• **Problem details**: Everything in the listing that follows should be reproduced exactly except the pictures.

[[ Dataset section open ]]

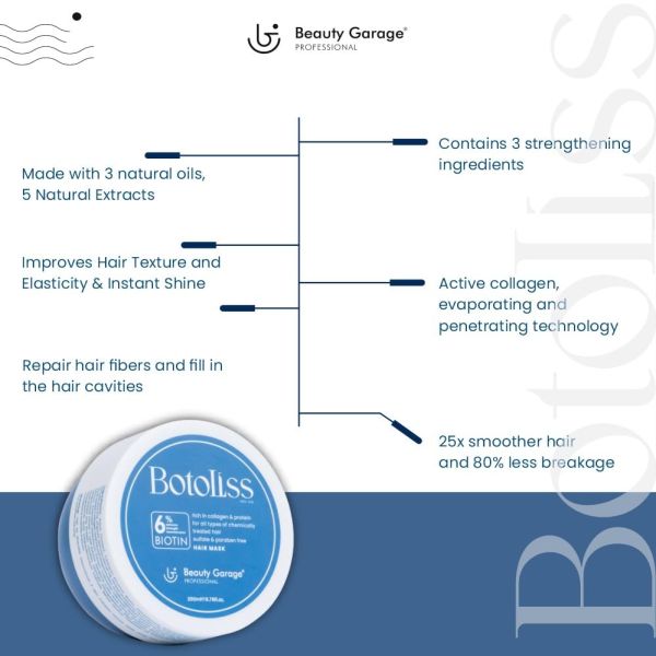 Treat yourself to salon-quality hair with the Beauty Garage Botoliss Biotin Mask (200 ml). This keratin hair mask repairs hair fibers and prevents split ends. It is a hair-strengthening mask that improves elasticity and fortifies brittle hair. The Beauty Garage hair mask is also a nourishing mask that reduces breakage and split ends.
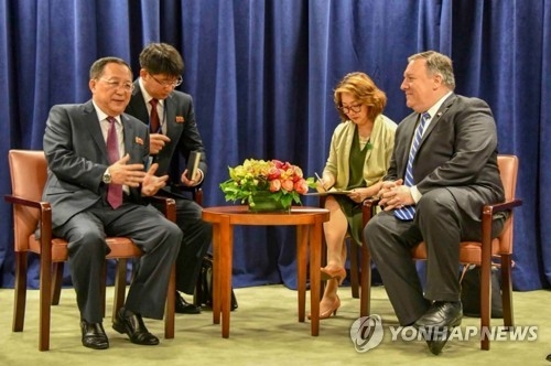 마이크 폼페이오 미국 국무장관과 리용호 북한 외무상은 26일(현지시간) 유엔총회가 열리는 미국 뉴욕에서 회동했다. 폼페이오 장관은 이날 자신의 SNS에 “매우 긍정적인 만남이었다”면서 리 외무상과 악수하는 사진을 게재했다. 이들은 2차 북미정상회담과 북한 비핵화를 위한 후속조치 등을 논의한 것으로 전해졌다. 폼페이오 장관은 이 자리에서 김정은 북한 국무위원장의 초청을 수락, 10월 방북을 약속했다.
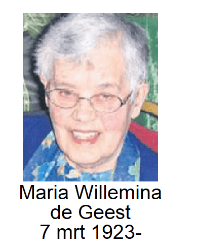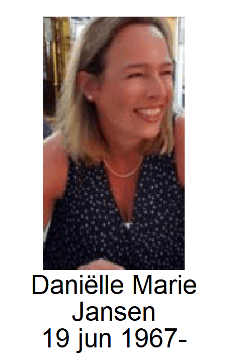 | XVu. | Foktje Johanna de Geest, dr. van Hendrik de Geest (XIVam) en Trientje Kok, geb. te Culemborg op 24 mrt 1958, tr. (27 jaar oud) op 6 mrt 1986 met Peter van Heusden. |

[[ Dataset section closed ]]

• **Response area**:
 Treat yourself to salon-quality hair with the Beauty Garage Botoliss Biotin Mask (200 ml). This keratin hair mask repairs hair fibers and prevents split ends. It is a hair-strengthening mask that improves elasticity and fortifies brittle hair. The Beauty Garage hair mask is also a nourishing mask that reduces breakage and split ends.
 마이크 폼페이오 미국 국무장관과 리용호 북한 외무상은 26일(현지시간) 유엔총회가 열리는 미국 뉴욕에서 회동했다. 폼페이오 장관은 이날 자신의 SNS에 “매우 긍정적인 만남이었다”면서 리 외무상과 악수하는 사진을 게재했다. 이들은 2차 북미정상회담과 북한 비핵화를 위한 후속조치 등을 논의한 것으로 전해졌다. 폼페이오 장관은 이 자리에서 김정은 북한 국무위원장의 초청을 수락, 10월 방북을 약속했다.
 | XVu. | Foktje Johanna de Geest, dr. van Hendrik de Geest (XIVam) en Trientje Kok, geb. te Culemborg op 24 mrt 1958, tr. (27 jaar oud) op 6 mrt 1986 met Peter van Heusden. |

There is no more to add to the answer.